Ever since the announcement of Sentinel Data Lake I wanted to try it!

Introduction

Data Lake sounds like it's going to revolutionize the usage of Sentinel (and I really dislike using big words, but I really think so). Data Lake costs about 1% of Analytics Logs, which would at last make it possible to simple ingest all security logs to Sentinel and then pick out what's needed for Analytics. I'm a big fan of being able to really consolidate security logs in a single source, it's a big time-saver for incident response and forensics.

Below are my thoughts and experiences trying Data Lake.

Setup

The setup is fairly simple and I won't go into detail right now. Just follow Microsoft's documentation.

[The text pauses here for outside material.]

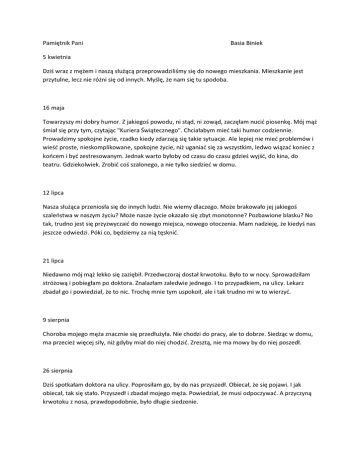 Pamiętnik Pani Basia Biniek 5 kwietnia Dziś wraz z mężem i naszą służącą przeprowadziliśmy się do nowego mieszkania. Mieszkanie jest przytulne, lecz nie różni się od innych. Myślę, że nam się tu spodoba. 16 maja Towarzyszy mi dobry humor. Z jakiegoś powodu, ni stąd, ni zowąd, zaczęłam nucić piosenkę. Mój mąż śmiał się przy tym, czytając "Kuriera Świątecznego". Chciałabym mieć taki humor codziennie. Prowadzimy spokojne życie, rzadko kiedy zdarzają się takie sytuacje. Ale lepiej nie mieć problemów i wieść proste, nieskomplikowane, spokojne życie, niż uganiać się za wszystkim, ledwo wiązać koniec z końcem i być zestresowanym. Jednak warto byłoby od czasu do czasu gdzieś wyjść, do kina, do teatru. Gdziekolwiek. Zrobić coś szalonego, a nie tylko siedzieć w domu. 12 lipca Nasza służąca przeniosła się do innych ludzi. Nie wiemy dlaczego. Może brakowało jej jakiegoś szaleństwa w naszym życiu? Może nasze życie okazało się zbyt monotonne? Pozbawione blasku? No tak, trudno jest się przyzwyczaić do nowego miejsca, nowego otoczenia. Mam nadzieję, że kiedyś nas jeszcze odwiedzi. Póki co, będziemy za nią tęsknić. 21 lipca Niedawno mój mąż lekko się zaziębił. Przedwczoraj dostał krwotoku. Było to w nocy. Sprowadziłam stróżową i pobiegłam po doktora. Znalazłam zaledwie jednego. I to przypadkiem, na ulicy. Lekarz zbadał go i powiedział, że to nic. Trochę mnie tym uspokoił, ale i tak trudno mi w to wierzyć. 9 sierpnia Choroba mojego męża znacznie się przedłużyła. Nie chodzi do pracy, ale to dobrze. Siedząc w domu, ma przecież więcej siły, niż gdyby miał do niej chodzić. Zresztą, nie ma mowy by do niej poszedł. 26 sierpnia Dziś spotkałam doktora na ulicy. Poprosiłam go, by do nas przyszedł. Obiecał, że się pojawi. I jak obiecał, tak się stało. Przyszedł i zbadał mojego męża. Powiedział, że musi odpoczywać. A przyczyną krwotoku z nosa, prawdopodobnie, było długie siedzenie. 11 września Od jakiegoś czasu u męża występują stany nerwowe. Nie wiem, co to może być. Mąż jest czerwony, gorący, jak gdyby wulkan, z którego zaraz miałaby wypłynąć lawa. Kompletnie nie mam pojęcia, co robić. 24 września Niedawno wymyśliłam, jak dodać otuchy mężowi. Od kilku dni skracam mu pasek w kamizelce. Myślę, że pomoże mu to chociaż trochę, w walce z chorobą. No i mam nadzieję, że jeśli się dowie, to nie obrazi się na mnie. Przecież chcę dla niego jak najlepiej. 29 września Tak jak ostatnio mówiłam, cały czas skracałam pasek w kamizelce męża. Dziś jednak usłyszałam od niego, że on sam ściągał pasek, by mnie uspokoić. No cóż, widać, oboje chcieliśmy dobrze. To się nazywa miłość! ☺ 7 października Drogi Pamiętniku. Kilka godzin temu pożegnałam mojego męża. Jeśli masz jakiś kontakt z Panem Bogiem, to zapytaj Go, dlaczego on zmarł. Bardzo Cię o to proszę. Trudno pogodzić jest się z myślą, że kogoś, kogo kochamy, już nigdy więcej nie zobaczymy. Szczególnie, jeśli chcemy z tą osobą spędzić resztę życia. A przecież jesteśmy młodzi... 3 listopada Właśnie sprzedałam wszystkie rzeczy z mieszkania. Stół, dwa łóżka, szafę, wszystko!!! Zostawiłam tylko kamizelkę i swoją parasolkę, które też zapewne sprzedam. 18 listopada Powoli staram się przyzwyczajać do tego, że, wstając, nie mam komu powiedzieć "dzień dobry". Nie mam komu zrobić śniadania, nie mam komu uprasować koszuli. Ale minęły już prawie dwa miesiące. Czuję, że staję się coraz silniejsza. Uczucie to, nie jest jednak tak mocne, jakie chciałabym, żeby było. Czas się więc wyprowadzić. Dlaczego? To proste. Wszystko tutaj przypomina mi ukochanego. Dziś sprzedałam swój parasol i kamizelkę mojego męża. Zamknęłam drzwi na klucz, który oddałam stróżowi. Chyba nie jesteście zdziwieni moją decyzją? Tak czy siak, zostałam skazana tylko i wyłącznie na siebie. Wraz z tą decyzją postanowiłam zakończyć pisanie tutaj. Żegnajcie.

There are only 2 anecdotes to the official documentation:

Regions

According to Microsoft, only some regions are supported: Supported regions

You have to keep that in mind, because you simply can't deploy Data Lake if your Sentinel instance is in another region. And as you might now, Sentinel is one of the Azure resources, that can't be moved natively. Moving it manually is possible but a major PITA.

Permissions

The docs simply state the following regarding Azure permissions:

You must be the subscription owner.

Now this is only half true, because - for whatever reason - you will get a permission error if your Owner permissions are inherited: Error 1 Error2 As soon as you assign the Owner permission directly to the user, onboarding works.

Warning

Don't use inerhited permissions for Data Lake Onboarding

Success

Use directly assigned Owner permissions

Though do consider removing them after onboarding is done if you don't need them.

Usage

Data Lake Explorer

Located in the Sidebar under Microsoft Sentinel --> Data lake exploration --> KQL queries, you can set off queries against your Data Lake logs here.

Duplication

All data ingested into the Analytics Logs is automatically duplicated into Data Lake - for no additional cost. So you can theoretically query it here as well. Do keep in mind though, that querying Data Lake is a billable action, whereas querying Analytics Logs is always free!

DLQueries

Inventory Logs

In addition to the transferred Analytics Logs, Microsoft - at last - provides some inventory information from Entra ID. Until now that was something that was always missing, especially for correlations. In the below screenshot you can see all the native table, as well as two custom log tables in the bottom (which are Analytics Logs).

asdf

Though right now some of the data is not really usable, e.g. the EntraGroupMembershiphs doesn't really contain any relevant information.

asdf

Jobs

It's a funny name, just Jobs 😁 Anyway, it's essentially what Summary Rules used to be: You create a KQL query and all matching results are copied to a selected target table. This table can be in the Analytics Logs tier, so you effectively "promote" your logs. asdf asdf asdf

Considerations

Custom Table name

As you can see in the screenshot above, the newly created custom table gets the suffix _KQL_CL which is an addition to the general requirement that custom tables have to end in _CL. I'm not sure why it is done that way, but since creating a custom table is quite the hassle in my opinion, I'll just take it.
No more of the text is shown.